The plot was fairly simple: with the evil Dominion on the run, the Federation was launching one massive offensive to end the war once and for all. They were off to invade Cardassia, and free the Cardassians from the rule of the Dominion, and thus crush the Dominion’s main base in the Alpha Quadrant. Kira, having been stranded on Cardassia in the previous episode, was helping the Cardassians lead a resistance against the Dominion. Of course, the good guys won, but the victory celebration didn’t last for long, as Sisko was called by the Prophets to launch one last battle against the evil Gul Dukat.

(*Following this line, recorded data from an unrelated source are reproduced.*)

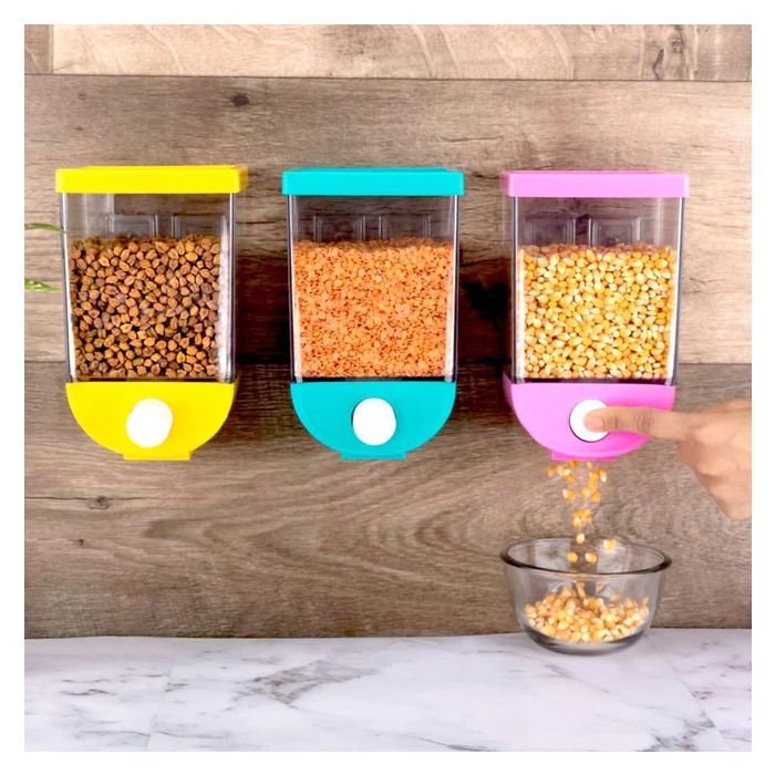 Wall Mounted Cornflakes/Cereal/Pulses/Beans/Oatmeal/Candy/Namkeen/Dry Food Storage Box/Tank - 1100 ml (assorted color)
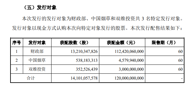 交行公告与中国银行只有财政部一家认购不同,交通银行的定增还出现了中国烟草与双维投资。据公告介绍,双维投资是中国烟草全资子公司。
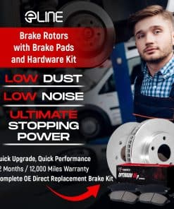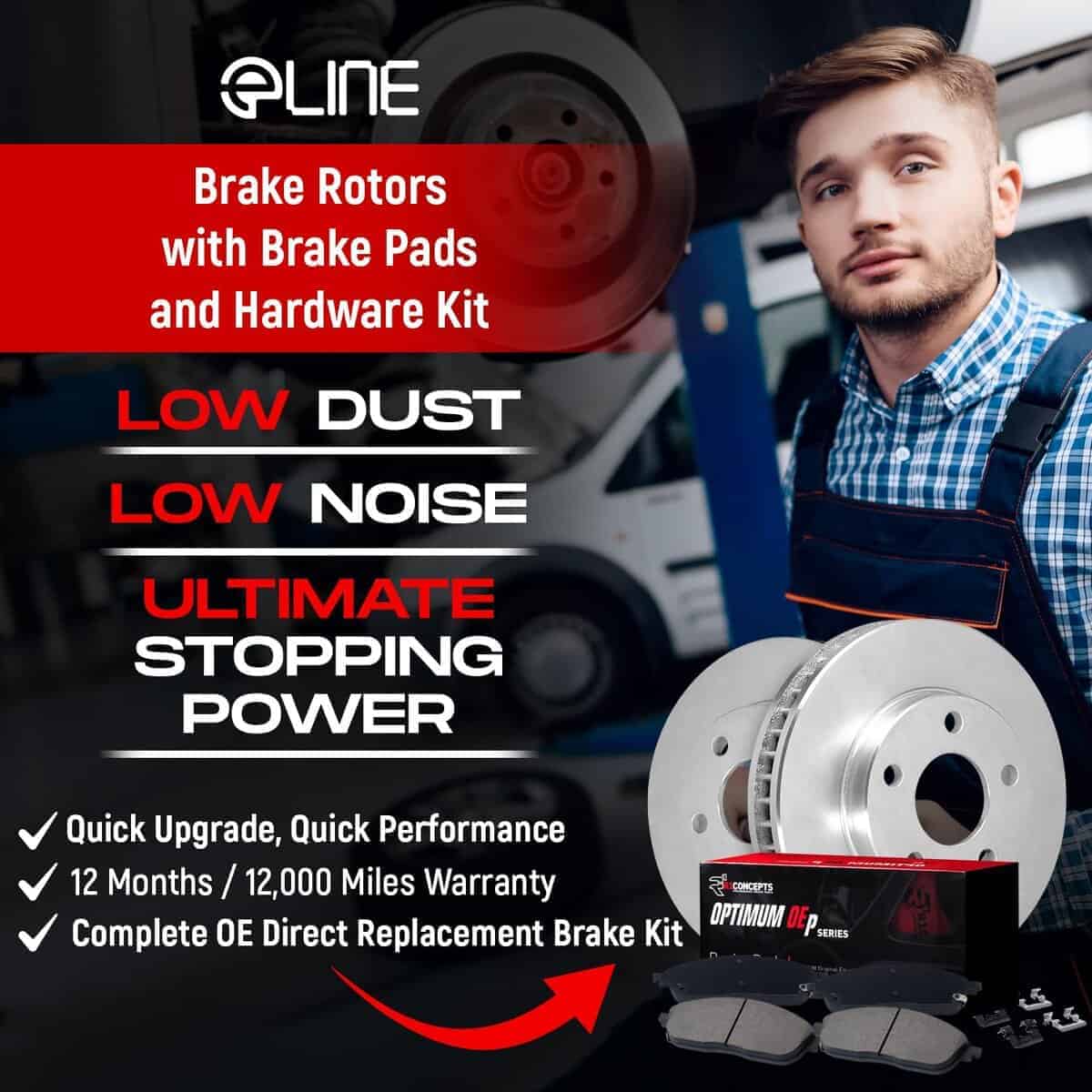 1. Kit de Frenos Completo de Repuesto Todo en Uno: El kit de frenos de la Serie eLine de R1 Concepts viene con (2) discos de freno de alto rendimiento, (4) pastillas de freno de rendimiento y hardware.
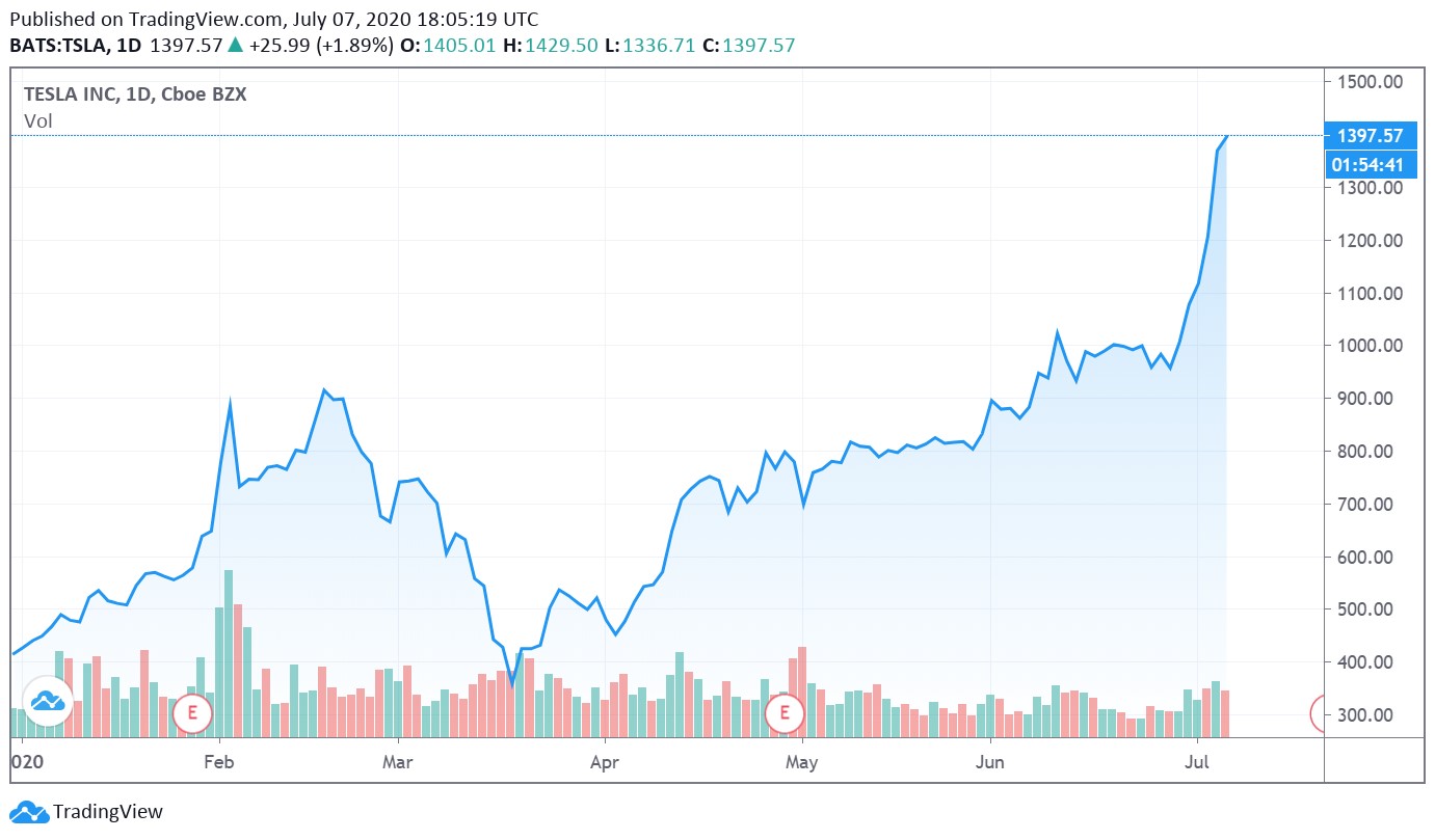 On July 2, Tesla Inc (TSLA) provided an update on the number of electric vehicles it produced and delivered during the second quarter of 2020, when its domestic manufacturing capabilities were hit the hardest by the ongoing coronavirus (‘COVID-19’) pandemic. This report likely acted as the catalyst for the latest run up in shares of TSLA as its technicals have “gone parabolic” of late.
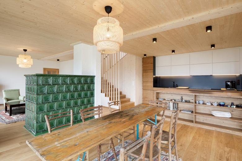Sie ist nicht immer ganz einfach, diese Gratwanderung einer Weiterentwicklung von Tradition und Moderne. Obwohl das gesamte Gebäude aus Holz errichtet wurde, wurde die bekannte Formensprache des verputzten Erdgeschoßes aufgenommen. Die 3S-Platte im EG wurden mit Weißöl behandelt, die Lärchenholzfassade im OG ist naturbelassen.
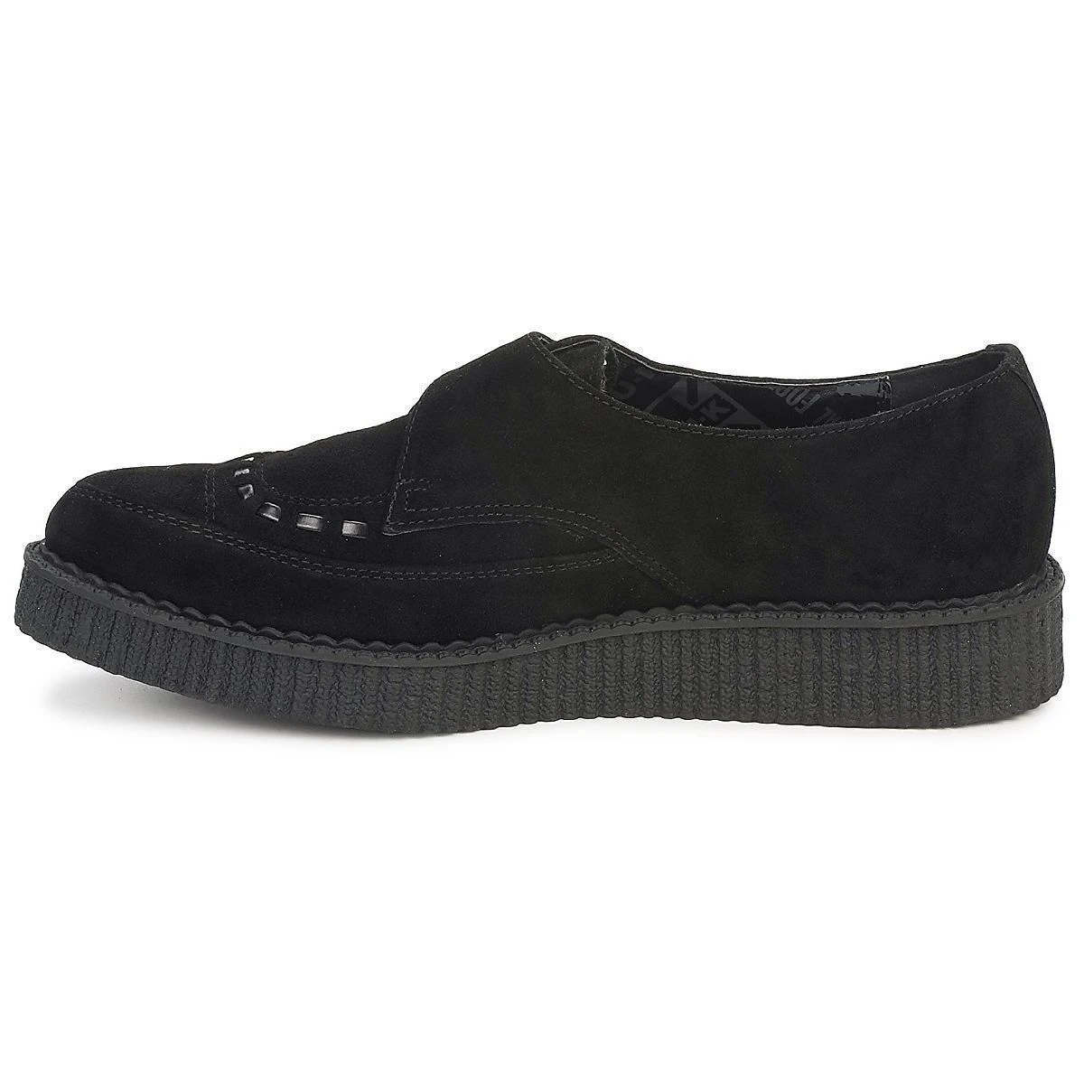 Chaussures à bride des années 50’s avec la montée de courants musicaux tels que le Rockabilly, les Creepers sont aujourd’hui une institution auprès des punk rockeurs ! Leur originalité ? Une semelle épaisse, ici revisitée par TUK.
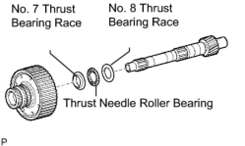 (a) Remove the No. 8 thrust bearing race, the thrust needle roller bearing, the No. 7 thrust bearing race and the planetary ring gear flange from the intermediate shaft.
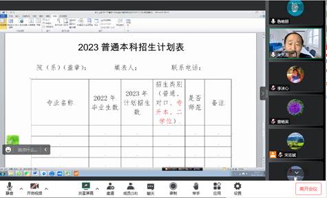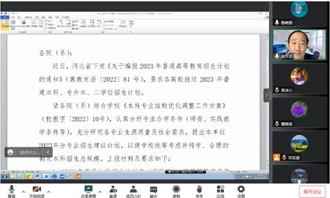 2022年10月13日下午15:30,公司召开讨论公司2023年招生计划和进人计划线上会议。太阳成tyc33455ccwww全体领导班子成员、各专业带头人、教学部正副主任、实验室正副主任参加会议,朱天志经理主持了会议。
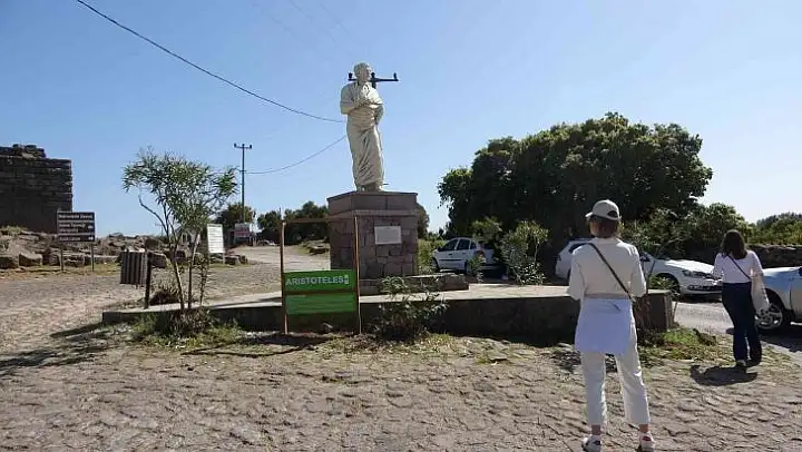 Assos Antik Kenti girişine 2009 yılında Kültür ve Turizm Bakanlığı tarafından konulan Aristo heykeli zaman içerisinde tahribata uğradı. Birçok kez tamir edilen heykelin yerine Behramkale köyü muhtarlığı tarafından yenisi yaptırılarak yerine yerleştirildi. Mevcut heykelin ise yeniden tamirlenip, köyün farklı bir noktasına yerleştirileceğini ifade eden Behramkale Muhtarı Numan Türkay, 'Mevcut heykelimizi köyün farklı bir noktasında değerlendireceğiz. Yeni heykel ise mevcut yerine yerleştirildi. Emeği geçenlere teşekkür ederim' dedi.
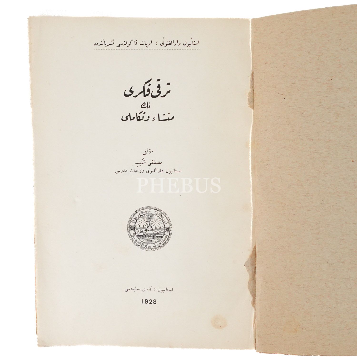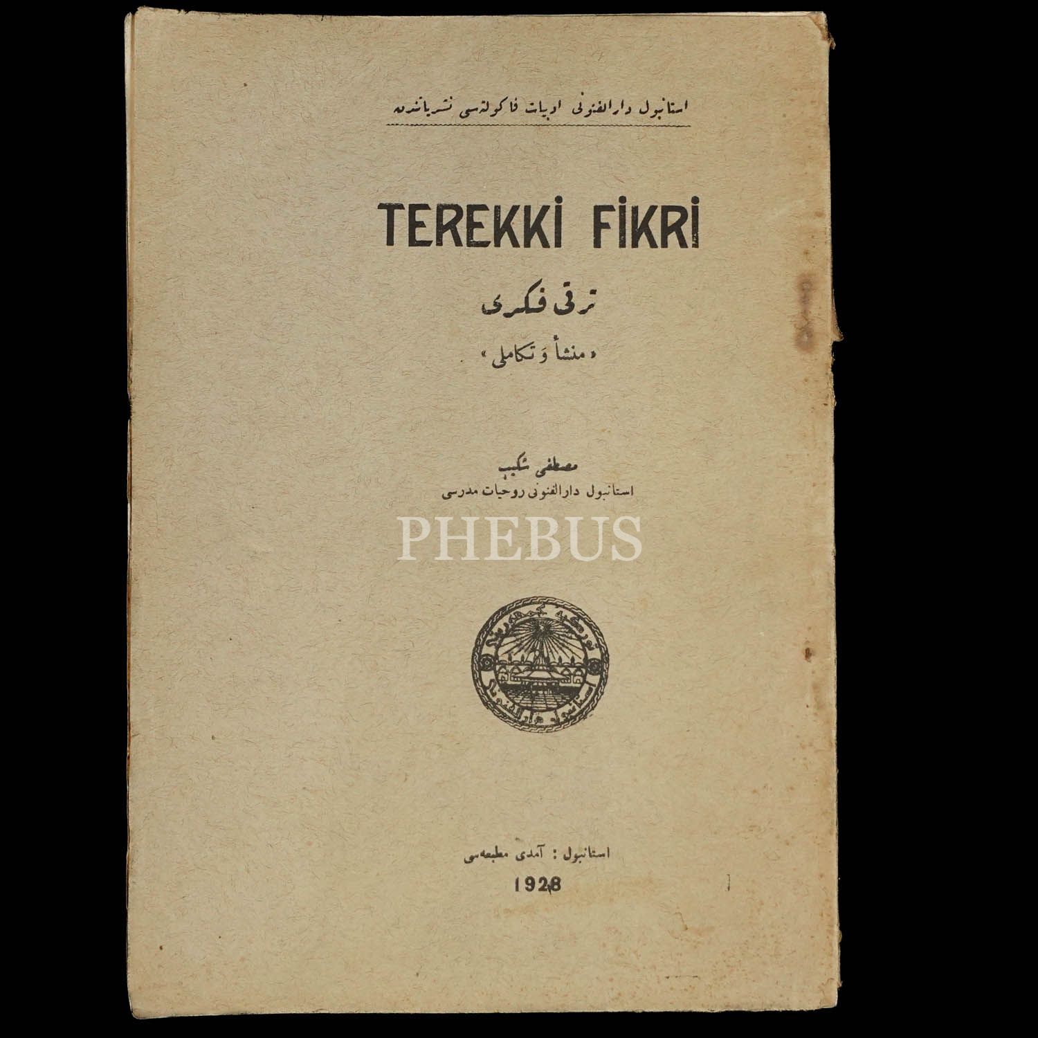 TEREKKİ FİKRİ, İstanbul Darülfünunu Ruhiyat Müderrisi Musyafa Şekib, 1928, Amedi Matbaası, 183 sayfa, 23x16 cm...
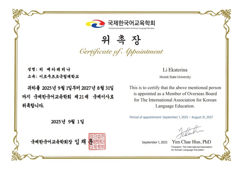 Мои полномочия как Члена зарубежного совета Международной Ассоциации преподавателей корейского языке продлили еще на 2 года
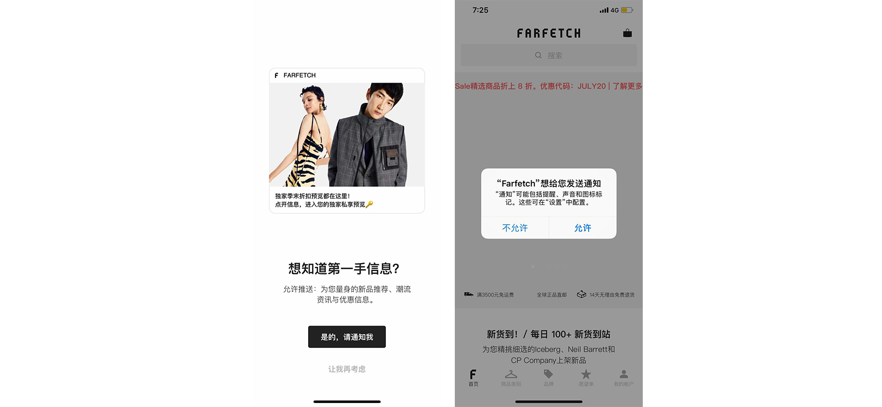 farfetch先是设计了一个打开APP push的特性说明页面,前置展示,主要用于说明允许APP push的价值,在用户允许之后才会展示原生的组件。

For the final episode of my favorite Star Trek, I found this to be a little. . .dissapointing. For a final episode, I was expecting more! But, based upon the episodes before, this just all felt a little anti-climactic. I guess my expectations were to high, and this just didn’t deliver. I also found it depressing that this ended with the crew being broken up! (OK, I’ll spoil it: Sisko goes off to be with the Prophets, Odo goes to the Great Link to teach his people that solids aren’t all bad, O’Brian goes off to teach at the academy, and Worf becomes Federation ambassador to the Klingon Empire.) Who knows, being the darker series, maybe a depressing end was the best way to go. But I didn’t get the big pay-off I’d been hoping for. All in all, it was good, but not as good as All Good Things…, the final episode of The Next Generation.

And one last gripe: Sisko’s original mission was to oversee the restoration of Bajor, and it’s eventual entry into the Federation. I had always hoped that the final shot would be some grand ceremony in which Bajor was finally admitted into the Federation; kind of like the medal ceremony at the end of Star Wars. Oh, well, as Spock said, having something is not as pleasureable as wanting something.